## Data shown

• • • • • • •

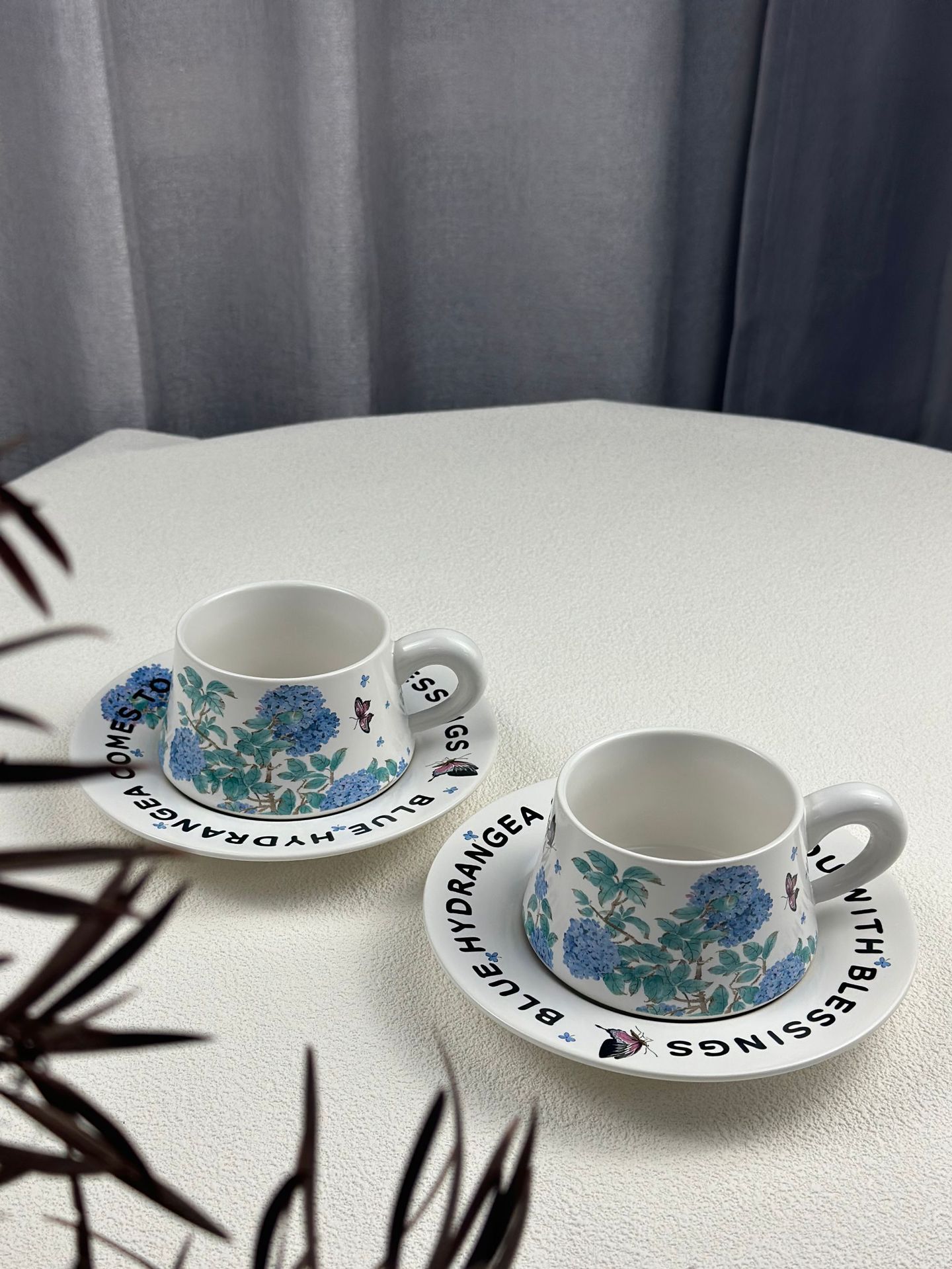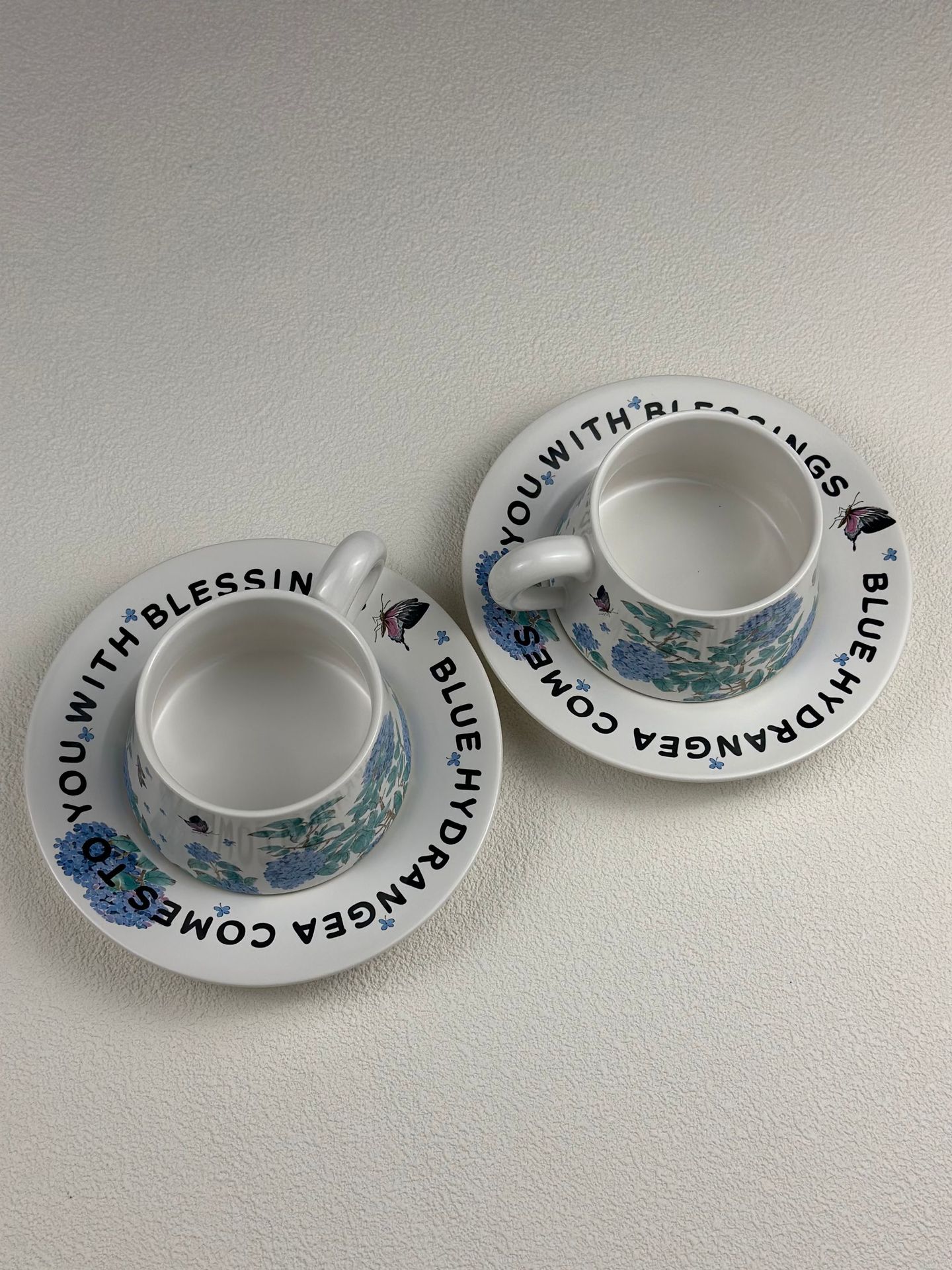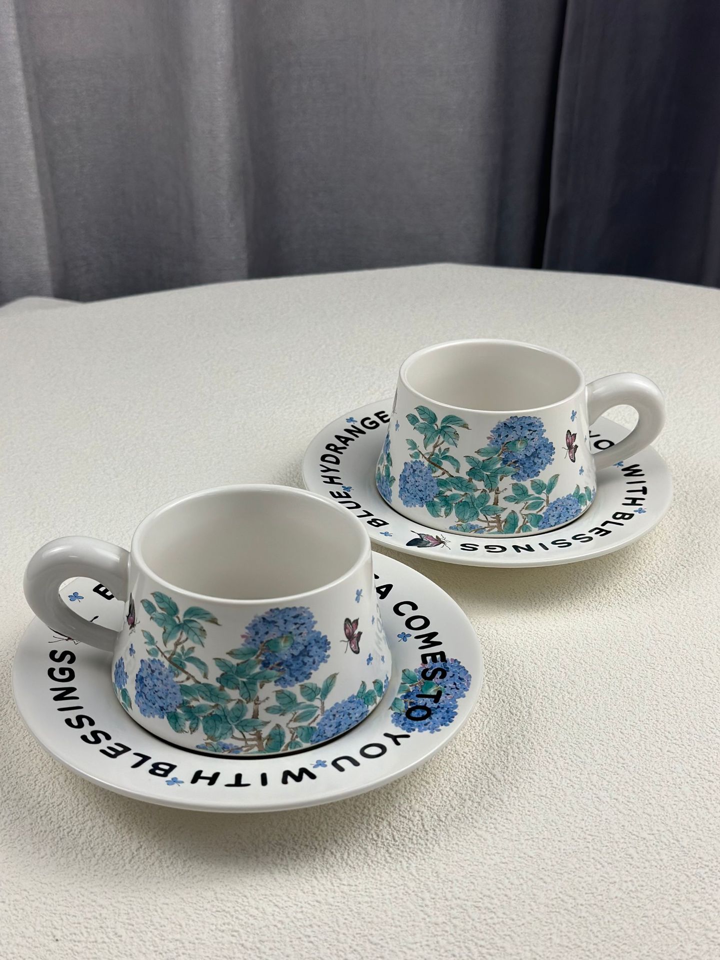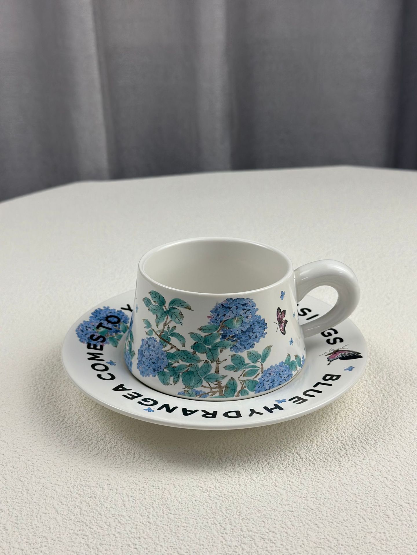 Tazas de hortenida de verano sin fin, tazas de café, platos de regalo de mano francesa, diseñador de flores retro, tazas de marca originales
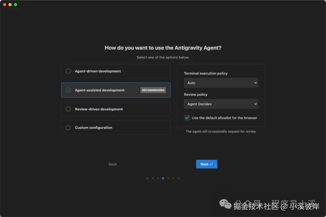 点击【Next】继续,这一步为配置Antigravity Agent使用方式
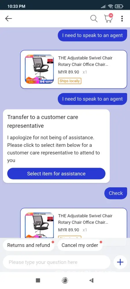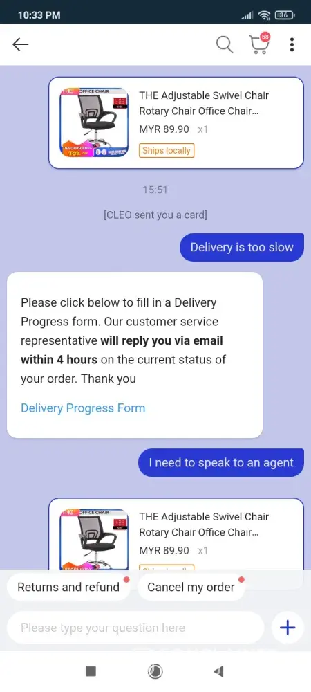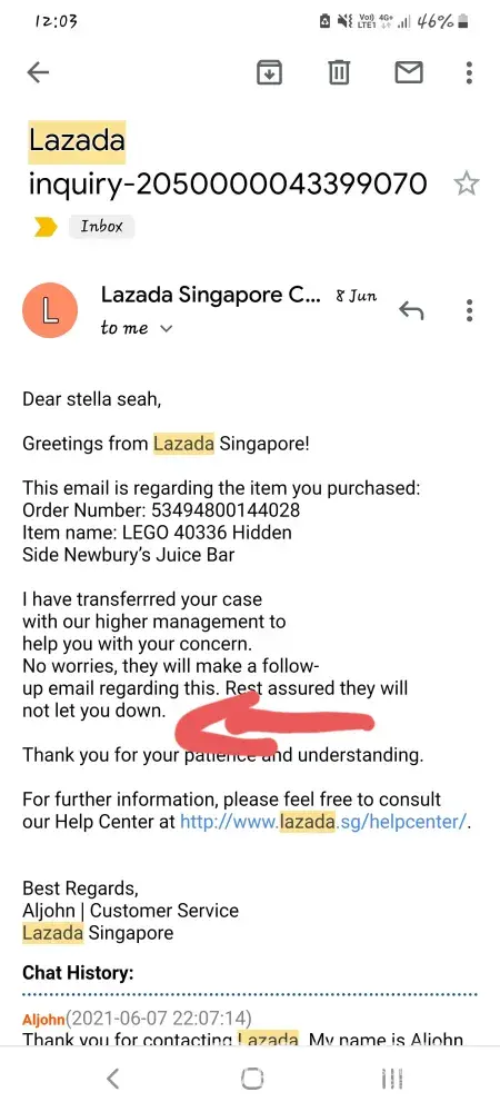Keep on emailing the "automated" email to please customer saying Lazada is concerning customers! But the more automated email without solution you get from Lazada, the angrier you are!
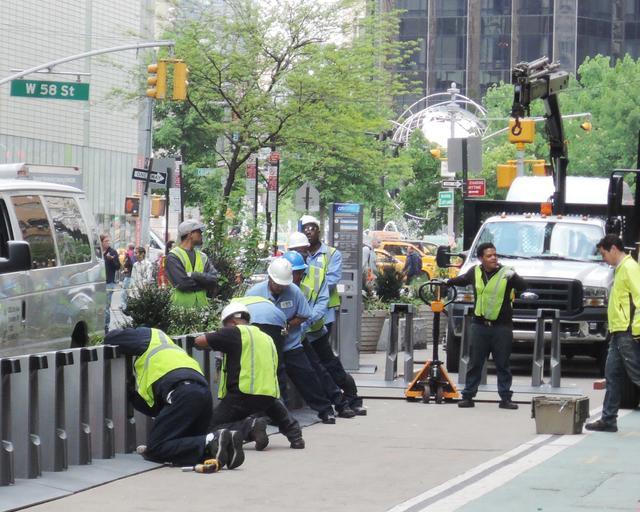 | Keywords: Connecting Citibike section Bwy 58 jeh.jpg en Looking north zoomed as workers connect sections 2013-05-15 15 25 08 own Jim henderson 40 46 0 6 N 73 58 54 1 W prec 5_heading NNW cc-zero Uploaded with UploadWizard 58th Street Manhattan Citi Bike Bike stations in the United States Construction in New York Men at work in the United States |

• • • • • • •

## Problem details
Print every line above exactly as given, but not the pictures.

## Response to the exercise
 Tazas de hortenida de verano sin fin, tazas de café, platos de regalo de mano francesa, diseñador de flores retro, tazas de marca originales
 点击【Next】继续,这一步为配置Antigravity Agent使用方式
Keep on emailing the "automated" email to please customer saying Lazada is concerning customers! But the more automated email without solution you get from Lazada, the angrier you are!
 | Keywords: Connecting Citibike section Bwy 58 jeh.jpg en Looking north zoomed as workers connect sections 2013-05-15 15 25 08 own Jim henderson 40 46 0 6 N 73 58 54 1 W prec 5_heading NNW cc-zero Uploaded with UploadWizard 58th Street Manhattan Citi Bike Bike stations in the United States Construction in New York Men at work in the United States |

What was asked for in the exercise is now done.